+++ Recorded information +++

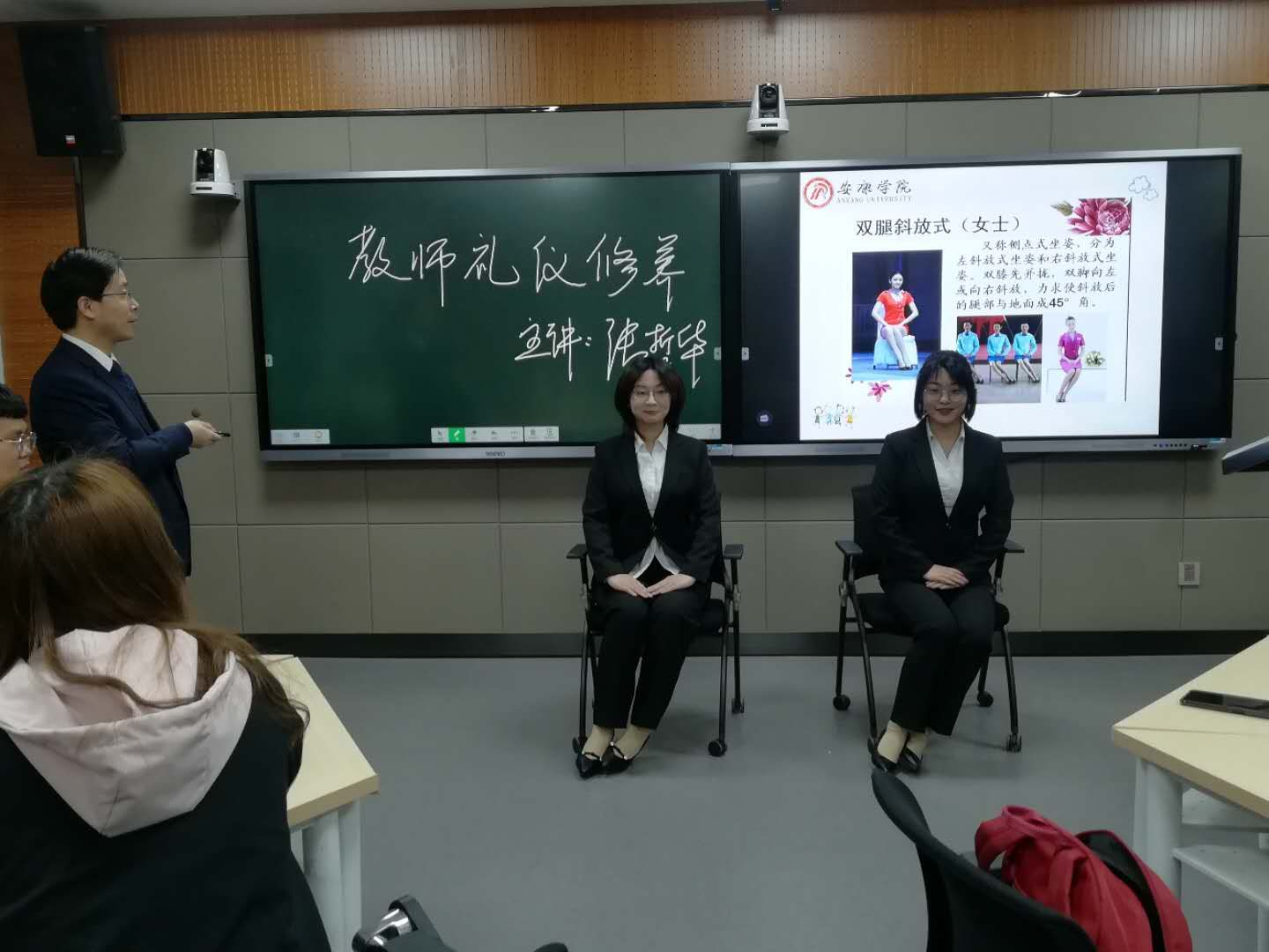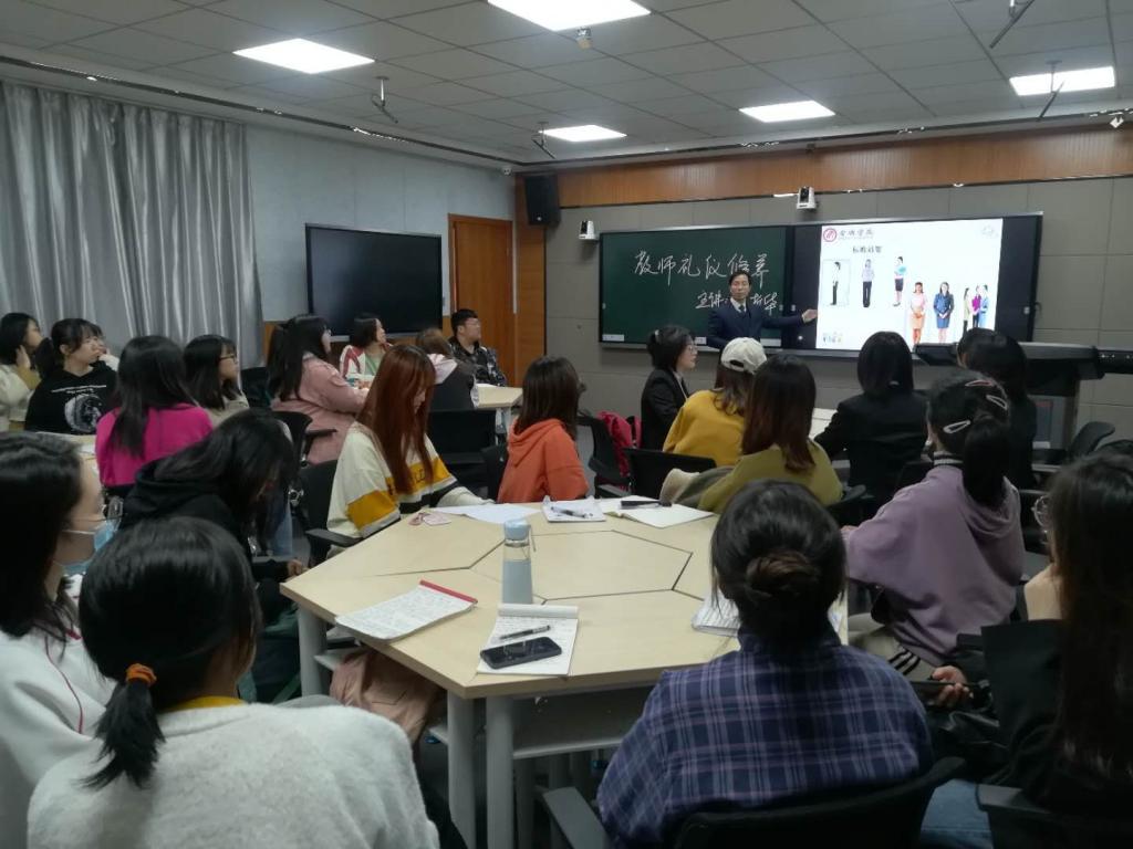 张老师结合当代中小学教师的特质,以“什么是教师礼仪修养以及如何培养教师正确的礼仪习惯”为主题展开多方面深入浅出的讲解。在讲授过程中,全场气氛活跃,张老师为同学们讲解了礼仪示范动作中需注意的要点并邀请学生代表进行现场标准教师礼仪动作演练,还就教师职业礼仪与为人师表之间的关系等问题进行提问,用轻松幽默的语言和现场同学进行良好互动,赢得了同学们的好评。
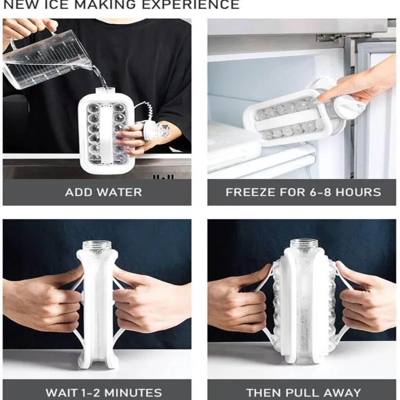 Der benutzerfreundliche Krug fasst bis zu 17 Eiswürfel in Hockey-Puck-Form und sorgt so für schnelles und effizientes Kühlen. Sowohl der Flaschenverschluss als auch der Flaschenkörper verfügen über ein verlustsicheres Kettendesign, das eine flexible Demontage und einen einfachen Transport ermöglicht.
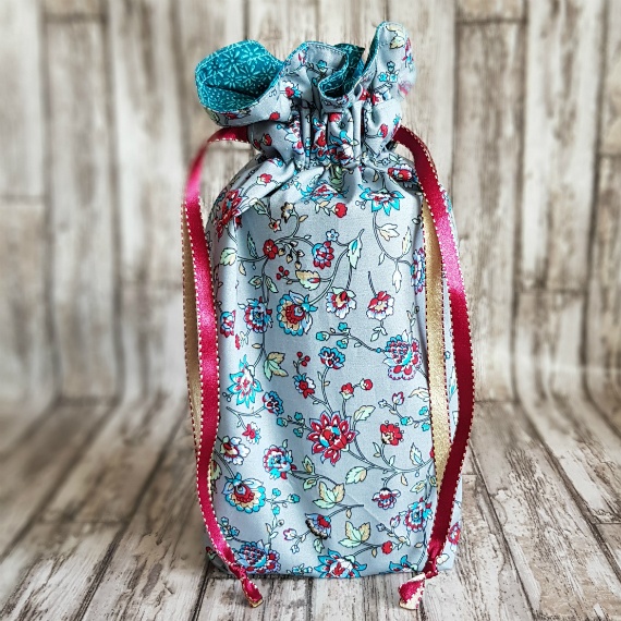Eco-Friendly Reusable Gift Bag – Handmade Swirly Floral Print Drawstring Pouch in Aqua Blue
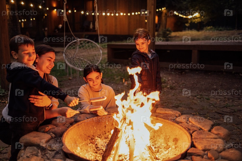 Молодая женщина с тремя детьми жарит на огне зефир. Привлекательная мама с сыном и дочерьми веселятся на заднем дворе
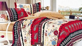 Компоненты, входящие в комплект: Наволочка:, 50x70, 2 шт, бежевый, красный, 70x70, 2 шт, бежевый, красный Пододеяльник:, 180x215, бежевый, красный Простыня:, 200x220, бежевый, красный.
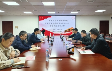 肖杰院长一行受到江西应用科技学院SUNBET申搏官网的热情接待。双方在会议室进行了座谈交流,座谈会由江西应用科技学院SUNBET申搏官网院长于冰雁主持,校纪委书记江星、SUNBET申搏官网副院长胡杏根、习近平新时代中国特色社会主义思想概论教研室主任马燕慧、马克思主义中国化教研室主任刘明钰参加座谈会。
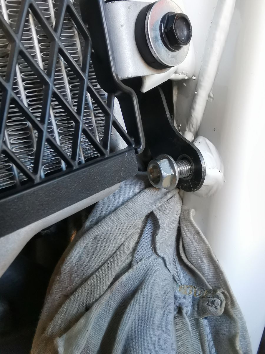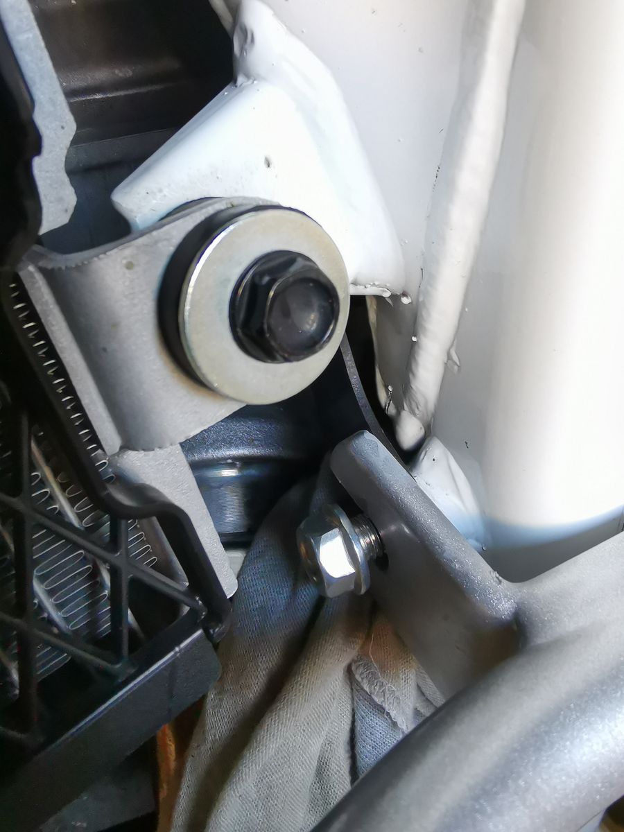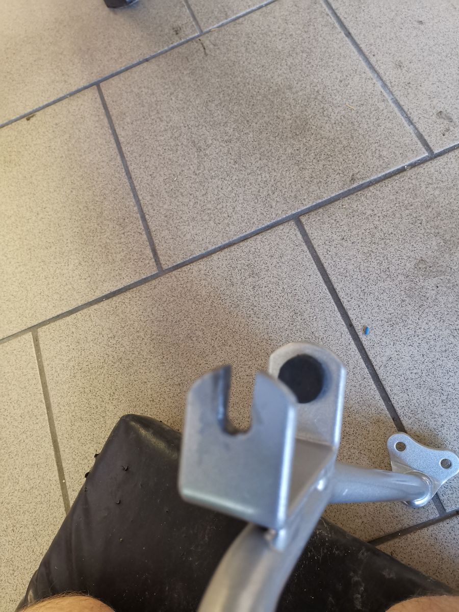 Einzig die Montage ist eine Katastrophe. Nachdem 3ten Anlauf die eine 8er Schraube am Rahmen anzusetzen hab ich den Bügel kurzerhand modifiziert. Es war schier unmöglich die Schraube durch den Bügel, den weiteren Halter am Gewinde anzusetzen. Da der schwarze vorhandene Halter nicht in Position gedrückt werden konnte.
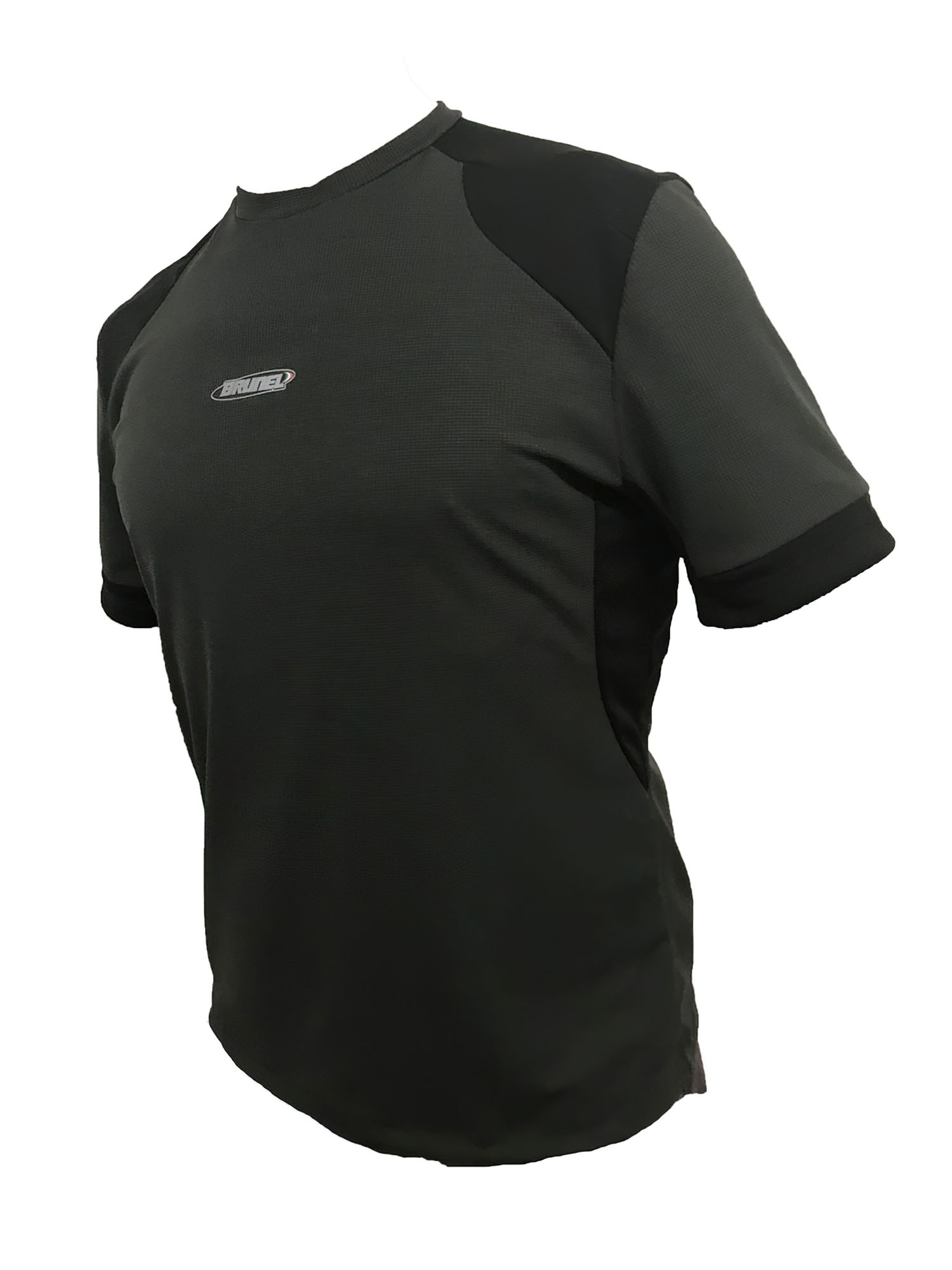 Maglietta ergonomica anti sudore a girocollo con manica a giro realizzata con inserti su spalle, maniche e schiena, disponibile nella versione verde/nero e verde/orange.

+++

### Work order
Restate each record from above word for word, excluding any picture it holds.

### Output of the task
 张老师结合当代中小学教师的特质,以“什么是教师礼仪修养以及如何培养教师正确的礼仪习惯”为主题展开多方面深入浅出的讲解。在讲授过程中,全场气氛活跃,张老师为同学们讲解了礼仪示范动作中需注意的要点并邀请学生代表进行现场标准教师礼仪动作演练,还就教师职业礼仪与为人师表之间的关系等问题进行提问,用轻松幽默的语言和现场同学进行良好互动,赢得了同学们的好评。
 Der benutzerfreundliche Krug fasst bis zu 17 Eiswürfel in Hockey-Puck-Form und sorgt so für schnelles und effizientes Kühlen. Sowohl der Flaschenverschluss als auch der Flaschenkörper verfügen über ein verlustsicheres Kettendesign, das eine flexible Demontage und einen einfachen Transport ermöglicht.
Eco-Friendly Reusable Gift Bag – Handmade Swirly Floral Print Drawstring Pouch in Aqua Blue
 Молодая женщина с тремя детьми жарит на огне зефир. Привлекательная мама с сыном и дочерьми веселятся на заднем дворе
 Компоненты, входящие в комплект: Наволочка:, 50x70, 2 шт, бежевый, красный, 70x70, 2 шт, бежевый, красный Пододеяльник:, 180x215, бежевый, красный Простыня:, 200x220, бежевый, красный.
 肖杰院长一行受到江西应用科技学院SUNBET申搏官网的热情接待。双方在会议室进行了座谈交流,座谈会由江西应用科技学院SUNBET申搏官网院长于冰雁主持,校纪委书记江星、SUNBET申搏官网副院长胡杏根、习近平新时代中国特色社会主义思想概论教研室主任马燕慧、马克思主义中国化教研室主任刘明钰参加座谈会。
 Einzig die Montage ist eine Katastrophe. Nachdem 3ten Anlauf die eine 8er Schraube am Rahmen anzusetzen hab ich den Bügel kurzerhand modifiziert. Es war schier unmöglich die Schraube durch den Bügel, den weiteren Halter am Gewinde anzusetzen. Da der schwarze vorhandene Halter nicht in Position gedrückt werden konnte.
 Maglietta ergonomica anti sudore a girocollo con manica a giro realizzata con inserti su spalle, maniche e schiena, disponibile nella versione verde/nero e verde/orange.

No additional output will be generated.